TASK ITEM
Return the data below in full and exactly, except that the pictures are dropped.

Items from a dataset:
● ● ● ● ●

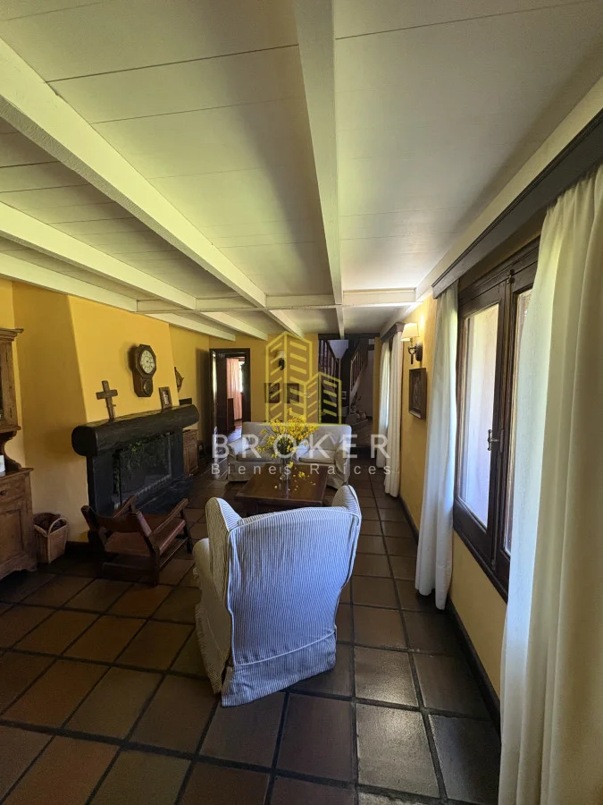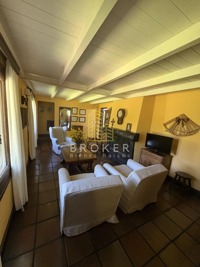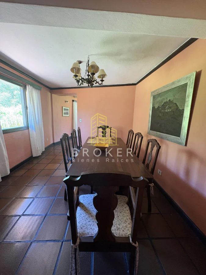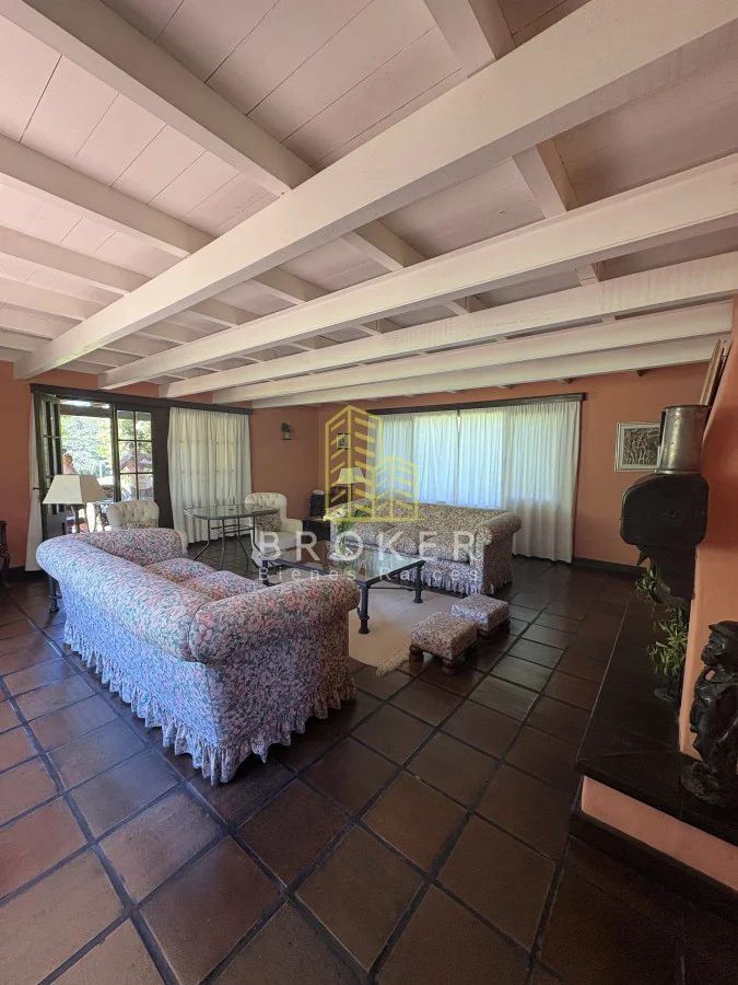 Cuenta con un amplio living comedor para 10 personas con estufa a leña que tiene acceso a un porche techado.
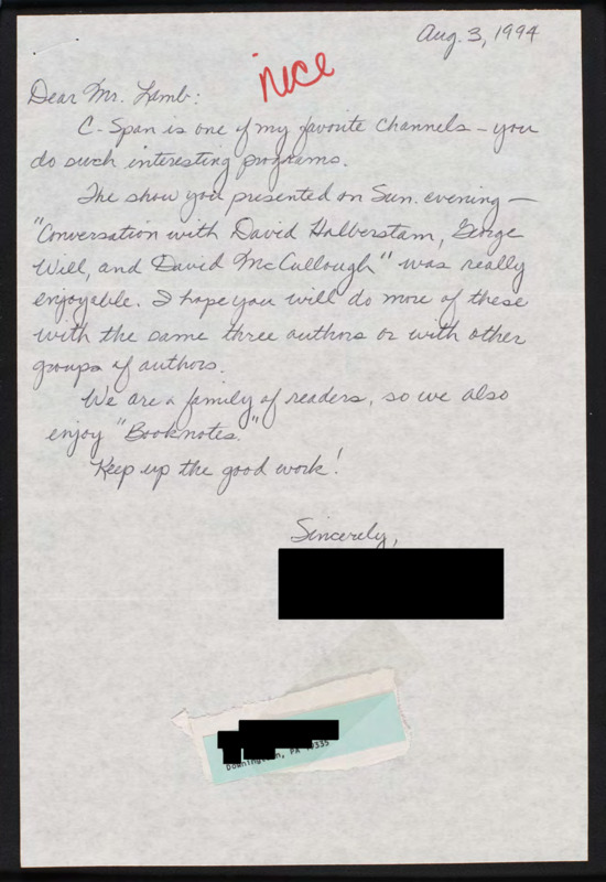 Describes the program with David Halberstam, George Will, and David McCullough as enjoyable. Briefly mentions enjoying Booknotes as well.
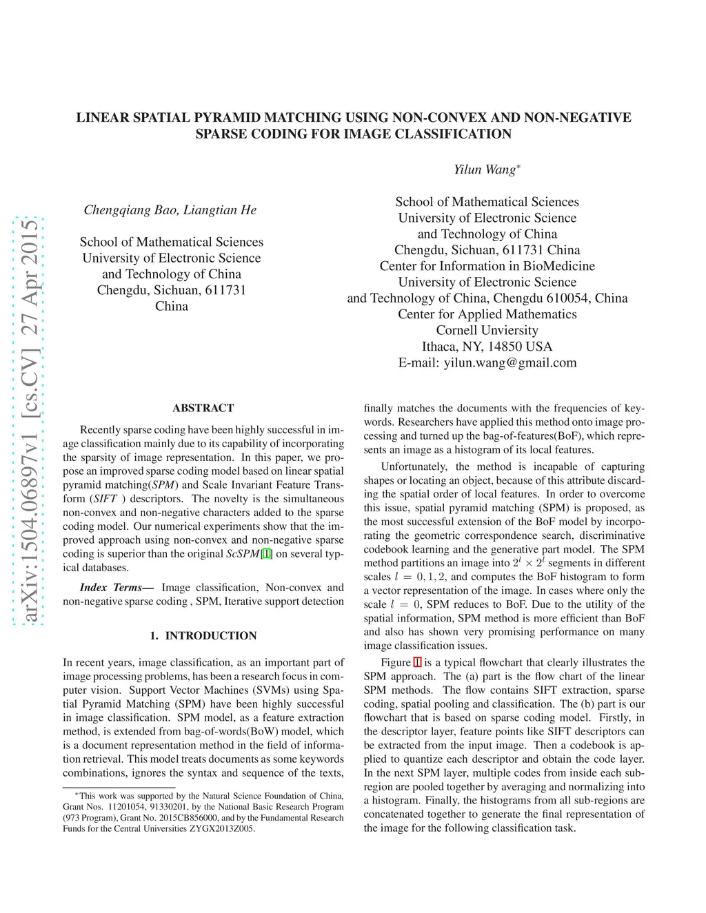 Linear Spatial Pyramid Matching Using Non-convex and non-negative Sparse
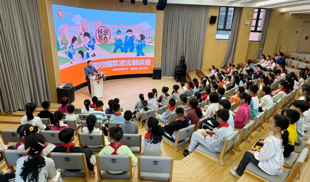2024年4月10日,顧問律師湯偉佳為江北嘴實驗學(xué)校舉辦了預(yù)防校園欺凌法制講座,江北嘴實驗學(xué)校共有1000余名師生通過現(xiàn)場或直播方式收聽講座。講座內(nèi)容豐富有趣,同學(xué)們積極互動,現(xiàn)場學(xué)習(xí)氣氛熱烈。
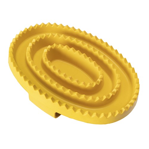The Rubber Curry Comb is an essential grooming tool for horse owners, perfect for shedding your horse's winter coat and removing dirt or mud. Its oval shape and flexible design make it easy to use, allowing you to effectively massage the skin while loosening debris. This comb is especially useful when washing your horse, as it helps the shampoo penetrate deeper into the coat for a more thorough clean. Available in two sizes—small for children's hands and large for adults and teenagers—this comb is designed to accommodate users of all ages.
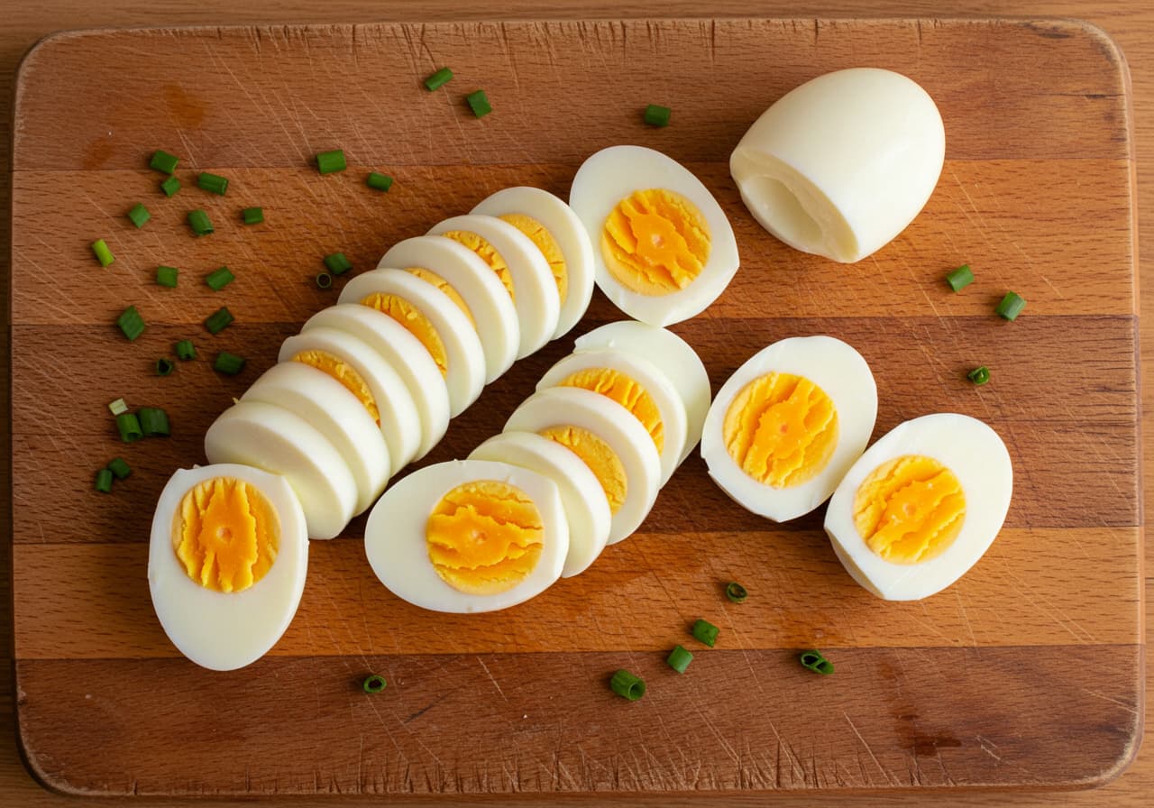 - 삶은 달걀은 껍질을 까고 적당히 썰어주세요.
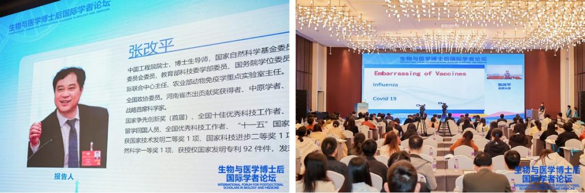 实验室首席科学家张改平院士受邀做了“FutureVaccine”的主旨演讲。报告开始,张改平院士以“为什么”、“什么是”、“怎么实现”为逻辑主线,深入剖析了超级疫苗的发展历程,他指出,当前疫苗面临保护效率有限与保护谱系狭窄两大世界性难题。开创性地提出“免疫潜力”、“超级疫苗”理论,基于这一理论,张院士团队自主研发了多种创新的结构抗原技术平台。张院士重点介绍了利用水稻胚乳表达系统成功制备的高效重组抗原Osr2HN。实验数据表明,该疫苗能激发机体产生更高效价的抗体,在动物攻毒试验中可实现完全保护,在安全性、有效性及生产成本上均展现出显著优势,为实现团队研究所追求的“安全、微量、精准、高效”的疫苗理想境界提供了有力实证。

● ● ● ● ●

ANSWER BOX
 Cuenta con un amplio living comedor para 10 personas con estufa a leña que tiene acceso a un porche techado.
 Describes the program with David Halberstam, George Will, and David McCullough as enjoyable. Briefly mentions enjoying Booknotes as well.
 Linear Spatial Pyramid Matching Using Non-convex and non-negative Sparse
2024年4月10日,顧問律師湯偉佳為江北嘴實驗學(xué)校舉辦了預(yù)防校園欺凌法制講座,江北嘴實驗學(xué)校共有1000余名師生通過現(xiàn)場或直播方式收聽講座。講座內(nèi)容豐富有趣,同學(xué)們積極互動,現(xiàn)場學(xué)習(xí)氣氛熱烈。
The Rubber Curry Comb is an essential grooming tool for horse owners, perfect for shedding your horse's winter coat and removing dirt or mud. Its oval shape and flexible design make it easy to use, allowing you to effectively massage the skin while loosening debris. This comb is especially useful when washing your horse, as it helps the shampoo penetrate deeper into the coat for a more thorough clean. Available in two sizes—small for children's hands and large for adults and teenagers—this comb is designed to accommodate users of all ages.
 - 삶은 달걀은 껍질을 까고 적당히 썰어주세요.
 实验室首席科学家张改平院士受邀做了“FutureVaccine”的主旨演讲。报告开始,张改平院士以“为什么”、“什么是”、“怎么实现”为逻辑主线,深入剖析了超级疫苗的发展历程,他指出,当前疫苗面临保护效率有限与保护谱系狭窄两大世界性难题。开创性地提出“免疫潜力”、“超级疫苗”理论,基于这一理论,张院士团队自主研发了多种创新的结构抗原技术平台。张院士重点介绍了利用水稻胚乳表达系统成功制备的高效重组抗原Osr2HN。实验数据表明,该疫苗能激发机体产生更高效价的抗体,在动物攻毒试验中可实现完全保护,在安全性、有效性及生产成本上均展现出显著优势,为实现团队研究所追求的“安全、微量、精准、高效”的疫苗理想境界提供了有力实证。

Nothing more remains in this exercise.